Frontier Science Center for Synthetic Biology, Key Laboratory of Systems Bioengineering (MOE), School of Chemical Engineering and Technology, Tianjin University, Tianjin, 300350, P. R. China.
ACS Synth Biol. 2020 Apr 17;9(4):856-863. doi: 10.1021/acssynbio.9b00508. Epub 2020 Apr 3.
Cell-free protein synthesis (CFPS) is a promising platform for protein engineering and synthetic biology. The storage of a CFPS system usually involves lyophilization, during which preventing the conformational damage of involved enzymes is critical to the activity. Herein, we report the protection role of magnesium ions on coupled transcription and translation in a lyophilized cell-free system. Mg prevents the inactivation of the CFPS system from direct colyophilization of enzymes and substrates (nucleotides, and amino acids), and furthermore activates the CFPS system. We propose two-metal-ion regulation of Mg: Mg (I) acts as an allosteric role for enzymes to prevent the conformational damage of enzymes from direct binding with substrates during lyophilization which locks up inactive enzyme-substrate complex; Mg (II) consequently binds to enzymes to activate the CFPS system. Our work provides important implications for maximizing protein yields by using a cell-free system in protein engineering and understanding the functions of Mg in biological systems.

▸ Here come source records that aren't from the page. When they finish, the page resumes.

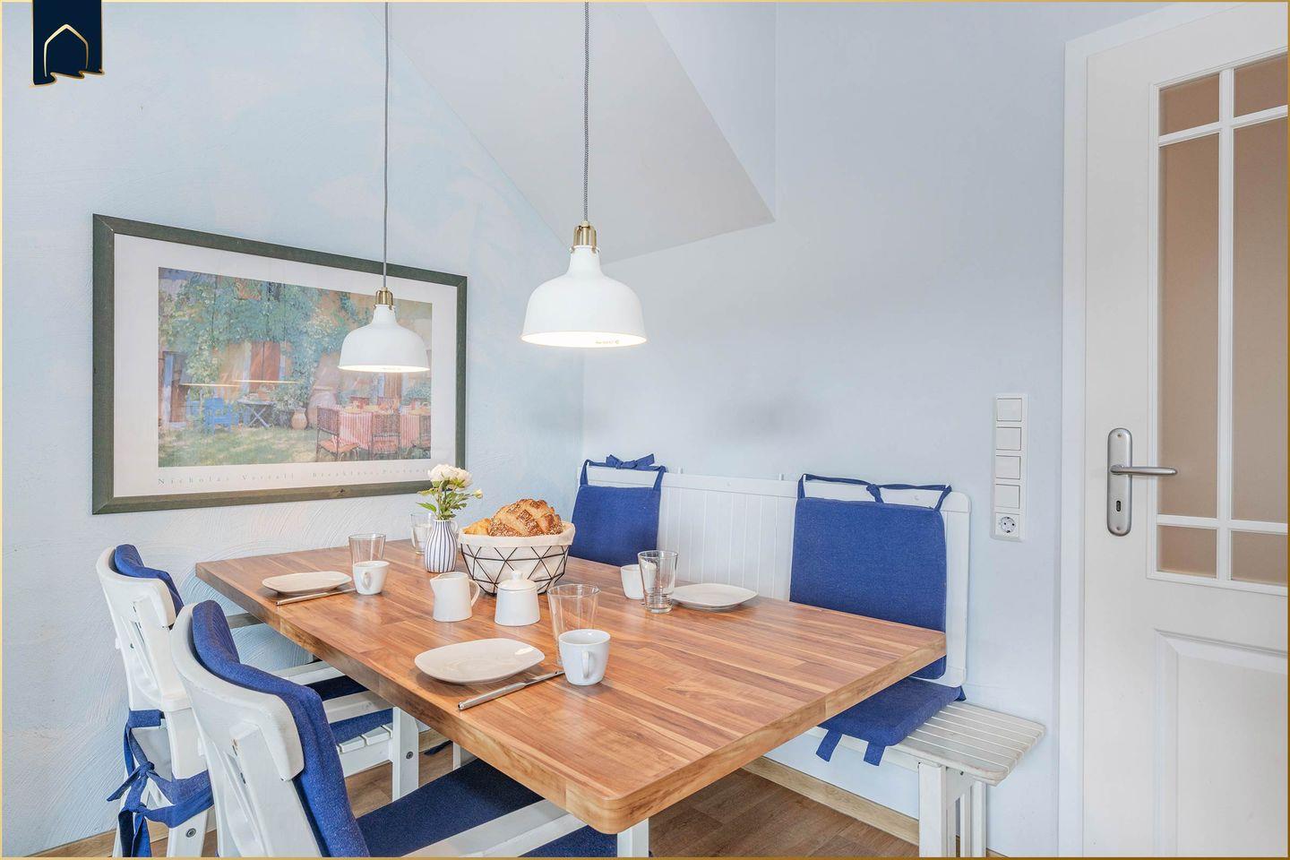 Drei komfortable Schlafzimmer bieten ausreichend Rückzugsorte für Familien oder befreundete Paare. Zwei moderne Bäder mit jeweils einer Dusche garantieren Privatsphäre und Komfort, selbst bei voller Belegung. Die voll ausgestattete Küche mit Herd, Backofen, Geschirrspüler, Kühlschrank mit Gefrierfach, Kaffeemaschine, Wasserkocher, Toaster und Mikrowelle lässt keine Wünsche offen. Der großzügige Essbereich lädt zu gemeinsamen Mahlzeiten ein. Im Wohnbereich sorgen TV, CD- & DVD-Player, Radio sowie Brettspiele für Unterhaltung bei jedem Wetter.
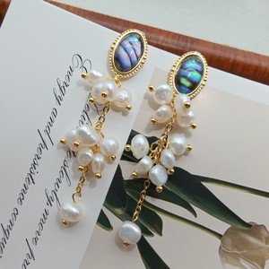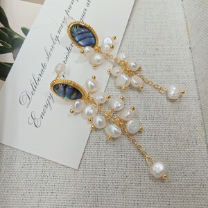 新款复古奢华小众设计感鲍鱼贝耳饰 淡水珍珠耳钉 纯手工编织耳环
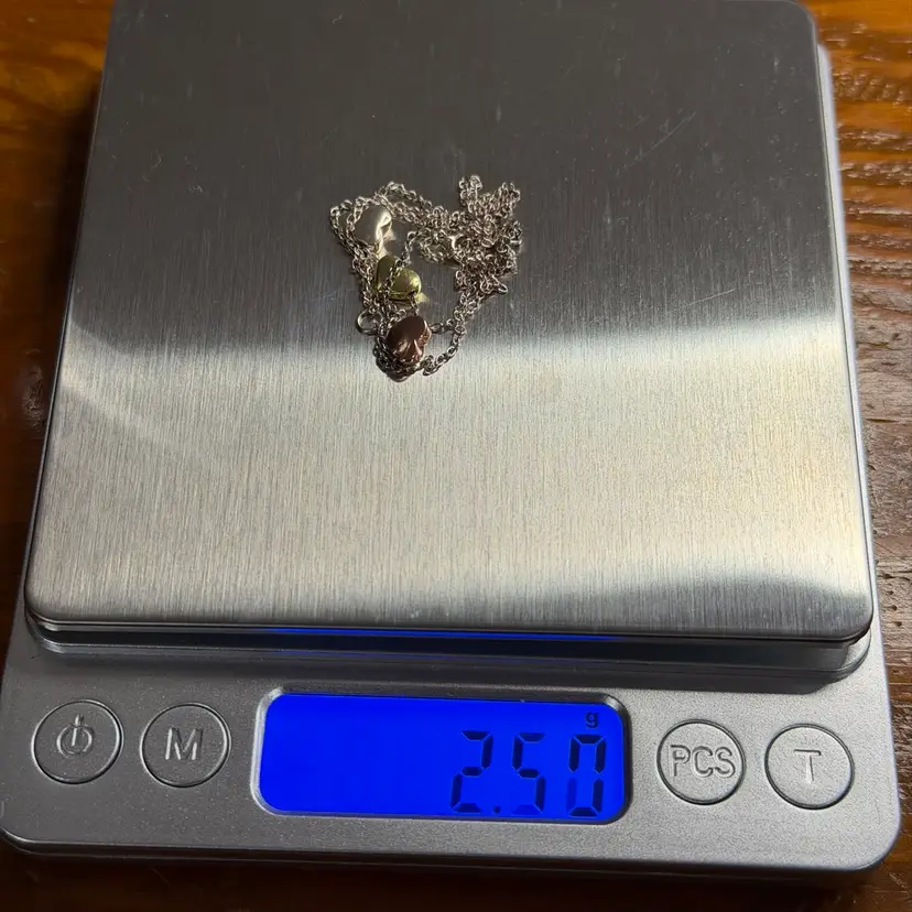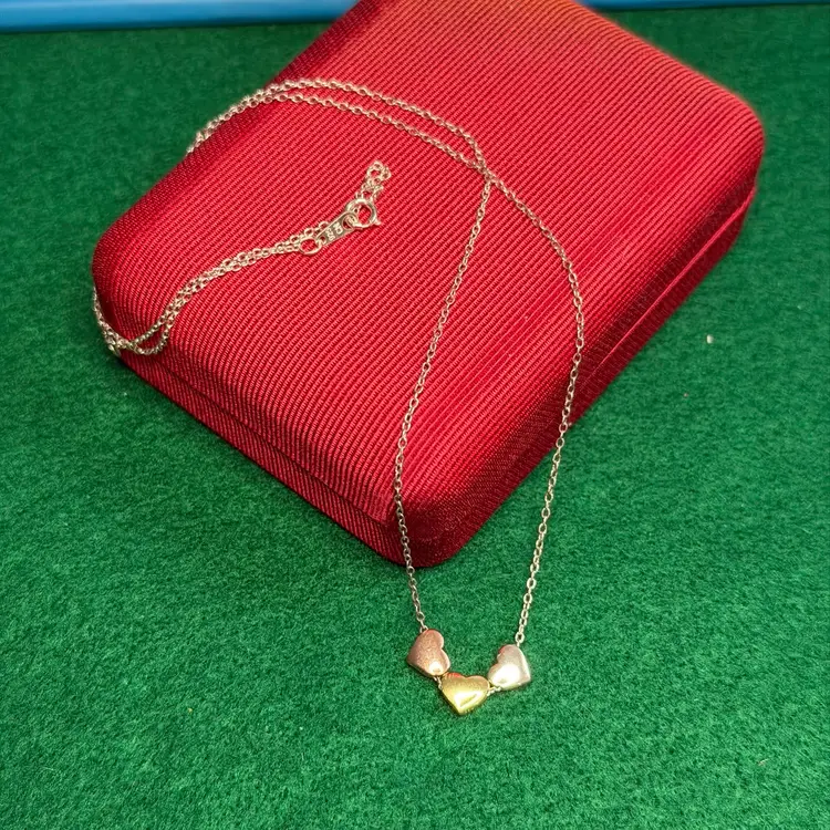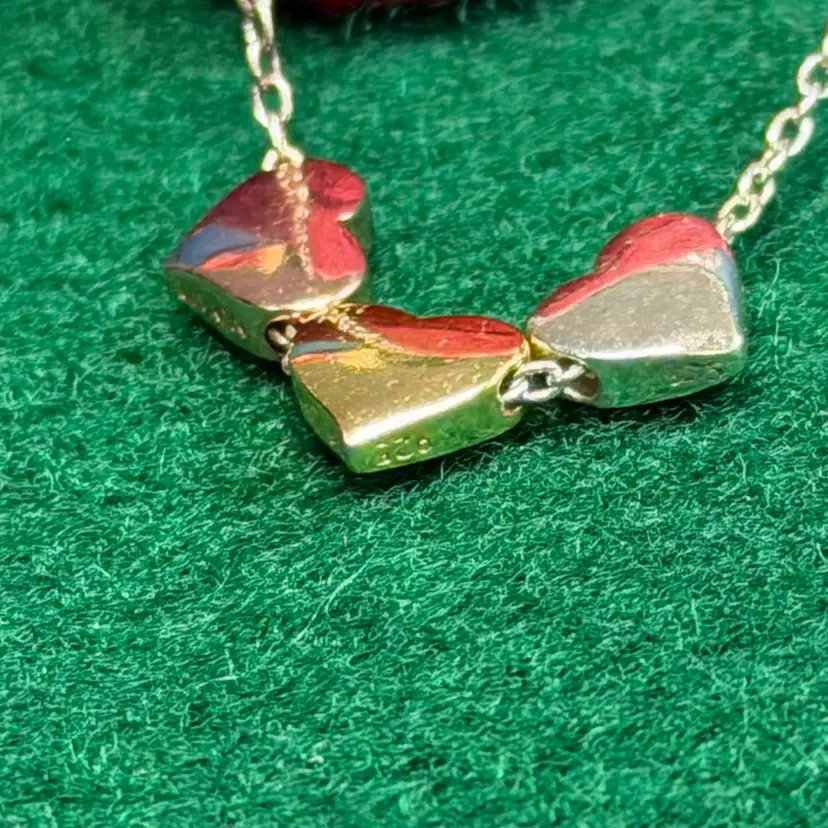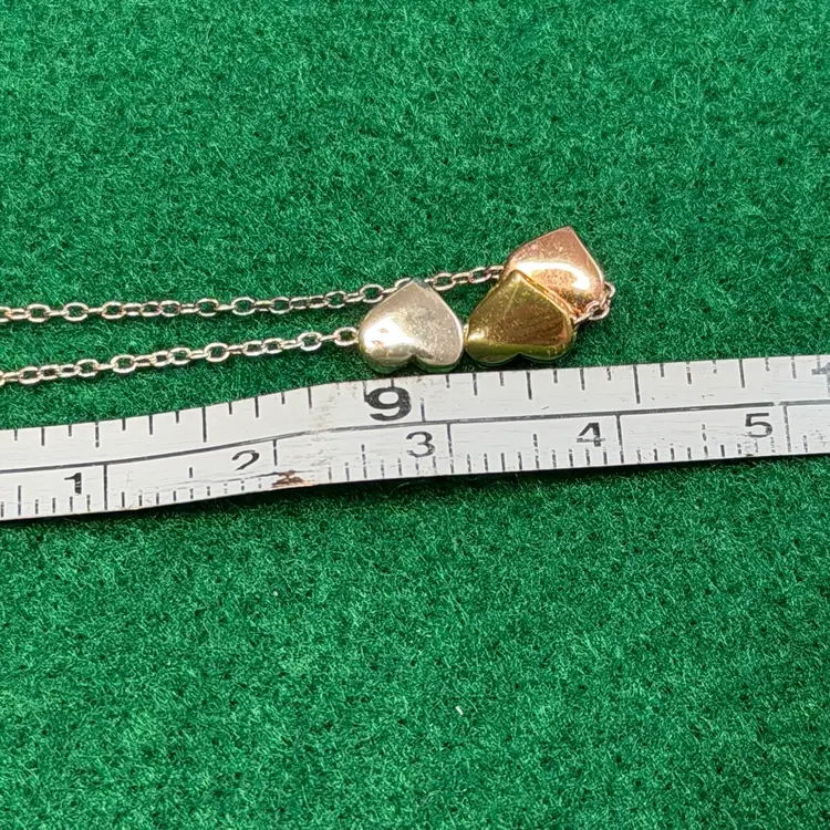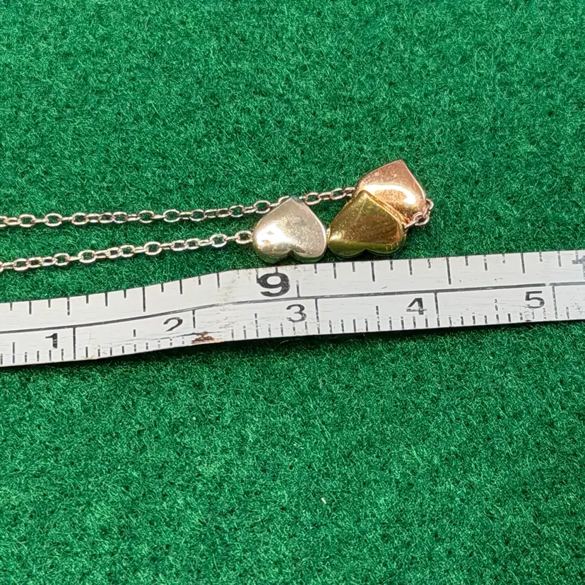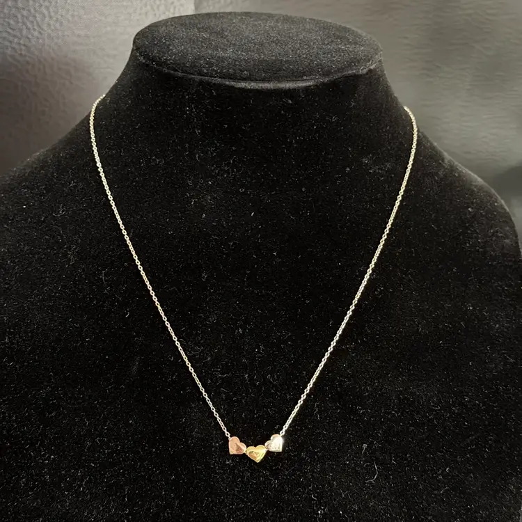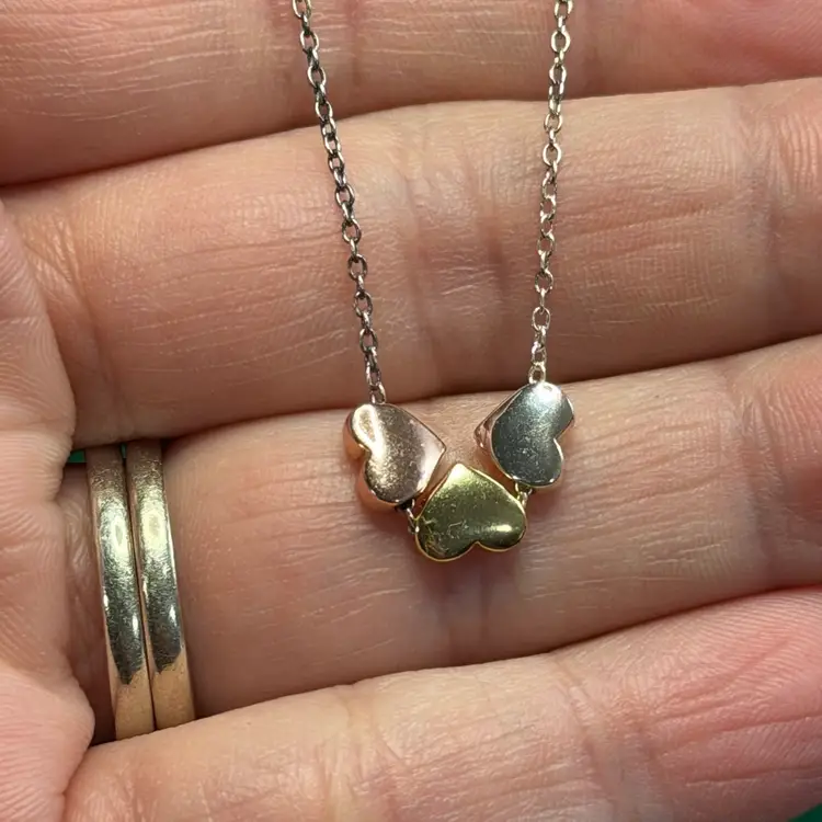 This adorable necklace has three hearts all marked and tested 925 silver. One of the hearts is silver, one silver washed with yellow gold and the last is silver washed with rose gold. The chain is also marked and tested and is about 19 inches long.

无细胞蛋白质合成 (CFPS) 是蛋白质工程和合成生物学的一个很有前途的平台。CFPS 系统的储存通常涉及冻干,在此过程中,防止涉及的酶的构象损伤对活性至关重要。本文中,我们报道了镁离子在冻干无细胞系统中对转录和翻译偶联的保护作用。Mg 可防止 CFPS 系统因酶和底物(核苷酸和氨基酸)的直接共冻干而失活,并且还可激活 CFPS 系统。我们提出了 Mg 的双金属离子调控:Mg (I) 作为酶的别构作用,可防止酶在冻干过程中直接与底物结合时的构象损伤,从而锁定无活性的酶-底物复合物;Mg (II) 随后与酶结合以激活 CFPS 系统。我们的工作对于通过在蛋白质工程中使用无细胞系统来最大化蛋白质产量以及理解 Mg 在生物系统中的功能具有重要意义。